Back here in the notebook, we're going to learn how to add the model to the MLflow **Model Registry**. A Model Regsitry is a specialized library to store, track, and manage all the different versions of your models.  

Storing your models in a Model Registry has many major advantages, including:

**Model Storage**: Just like a library stores books, a model registry stores trained machine learning models. These models are like the recipes you create to solve specific problems.

**Version Control**:  As you experiment and improve your models, you create new versions. A model registry keeps track of all these different versions, allowing you to compare them and see which one performs best and "rollback" if future experiments give an undesirable output. 

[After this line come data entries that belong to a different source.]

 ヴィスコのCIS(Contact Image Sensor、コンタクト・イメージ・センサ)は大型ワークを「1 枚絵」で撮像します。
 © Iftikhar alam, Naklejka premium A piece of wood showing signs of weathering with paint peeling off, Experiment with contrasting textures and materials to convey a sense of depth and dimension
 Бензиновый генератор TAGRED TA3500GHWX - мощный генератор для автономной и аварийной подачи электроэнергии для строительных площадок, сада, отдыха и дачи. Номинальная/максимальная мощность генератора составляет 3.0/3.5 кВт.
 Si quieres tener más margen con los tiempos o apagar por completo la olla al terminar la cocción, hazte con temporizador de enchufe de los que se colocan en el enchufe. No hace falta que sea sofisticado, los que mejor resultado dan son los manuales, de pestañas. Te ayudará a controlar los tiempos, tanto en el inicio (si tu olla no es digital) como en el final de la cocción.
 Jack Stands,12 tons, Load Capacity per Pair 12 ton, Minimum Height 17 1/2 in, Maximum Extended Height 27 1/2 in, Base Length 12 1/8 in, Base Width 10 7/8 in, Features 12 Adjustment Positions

**Documentation**:  In addition to the models themselves, a registry can store important information about each model, like the data it was trained on, its performance metrics, and who created it. This documentation helps everyone understand what the model does and how it was built.

**Collaboration**:  A model registry acts as a central hub for data scientists and engineers working on the same project. They can all access and use the models stored there, making collaboration smoother.

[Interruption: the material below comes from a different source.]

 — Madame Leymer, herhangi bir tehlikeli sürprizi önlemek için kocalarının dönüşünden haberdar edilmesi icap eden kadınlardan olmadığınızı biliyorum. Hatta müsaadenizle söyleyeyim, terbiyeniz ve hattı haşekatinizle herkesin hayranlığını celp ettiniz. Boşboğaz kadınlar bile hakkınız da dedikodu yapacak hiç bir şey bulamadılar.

**Deployment**:  Once you've chosen the best model version, the registry can help you deploy it into production, meaning you can use it to make real-world predictions.

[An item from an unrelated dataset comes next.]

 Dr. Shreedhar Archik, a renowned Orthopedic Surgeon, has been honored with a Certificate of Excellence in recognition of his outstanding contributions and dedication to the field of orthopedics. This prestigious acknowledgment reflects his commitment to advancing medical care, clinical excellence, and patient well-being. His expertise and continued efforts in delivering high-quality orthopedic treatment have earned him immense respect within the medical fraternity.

Overall, a model registry helps organizations manage the lifecycle of their machine learning models, from creation to deployment. It ensures everyone's on the same page, models are well-documented, and the best versions are easily accessible.

First, let's bring up the runs assosicated with our `retail-experiment` experiment and get the ID of the most recent run. 

In [4]:
# Search for runs in the specified experiment, ordering by start time in descending order
runs = mlflow.search_runs(experiment_ids=[mlflow.get_experiment_by_name(experiment_name).experiment_id],
                          order_by=["start_time desc"],
                          filter_string="")

# Check if there are any runs
if not runs.empty:
    # Get the run ID of the last active run
    last_run_id = runs.iloc[0]["run_id"]
    print("Last active run ID for experiment '{}': {}".format(experiment_name, last_run_id))
else:
    print("No runs found for experiment '{}'.".format(experiment_name))

Last active run ID for experiment 'retail-experiment': dcb9bf579a2449e88cb47e697b81af39


We'll use then create a URI for our model to specify where it is using the run ID and artifact path (declared above as just `model`). 

Using this URI, we can **register the model** in the **MLflow Model Registry** under a given model name (declared above as `retail-recognition`). 

In [5]:
# set parameters model_uri and model details and register model in mlflow
model_uri = "runs:/{run_id}/{artifact_path}".format(run_id=last_run_id, artifact_path=artifact_path)
model_details = mlflow.register_model(model_uri=model_uri, name=model_name)

Successfully registered model 'produce-detection'.
2025/03/07 10:20:18 INFO mlflow.store.model_registry.abstract_store: Waiting up to 300 seconds for model version to finish creation. Model name: produce-detection, version 1
Created version '1' of model 'produce-detection'.


Then, we're going to make a new **Version** of our model. You will usually do this after you run the same model, but perhaps with different parameters. 

We can differentiate between models it by giving them a different **Description** and/or specifying a **Version** number.

In [6]:
# Create a second Version of the model
model_uri = "runs:/{run_id}/{artifact_path}".format(run_id=last_run_id, artifact_path=artifact_path)
model_details = mlflow.register_model(model_uri=model_uri, name=model_name)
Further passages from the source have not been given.